Notice: On April 23, 2014, Statalist moved from an email list to a forum, based at statalist.org.
[Date Prev][Date Next][Thread Prev][Thread Next][Date Index][Thread Index]
st: RE: RE: RE: Easy Question? Counting cases based on a "target" case
From
"David Radwin" <[email protected]>
To
<[email protected]>
Subject
st: RE: RE: RE: Easy Question?
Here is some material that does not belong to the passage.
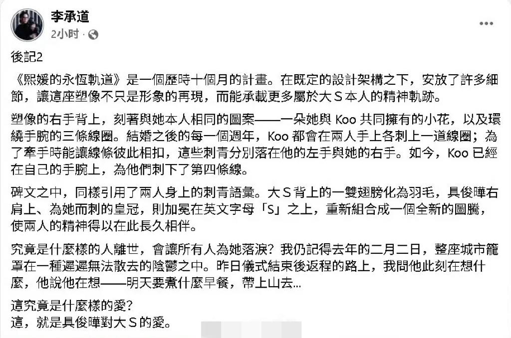 雖然大S的雕像和她不是很像,但其中有很多讓人感動的細節。比如雕像手腕附近的小花紋身、就是她和具俊曄的同款紋身。

Counting cases based on a "target" case
Date
Wed, 26 Dec 2012 16:52:40 -0800 (PST)
OK, I'm not sure I understand, but how about this?
sysuse auto, clear
keep in 1/20
g id=_n
g pricek=int(price/1000) //I am simplifying the levels of price to
the1000's
keep id price pricek //to clean out unwanted variables
gen countnear=.
levelsof pricek, local(pricesk)
foreach p of local pricesk {
quietly count if inrange(pricek, `=`p'-2', `=`p'+2')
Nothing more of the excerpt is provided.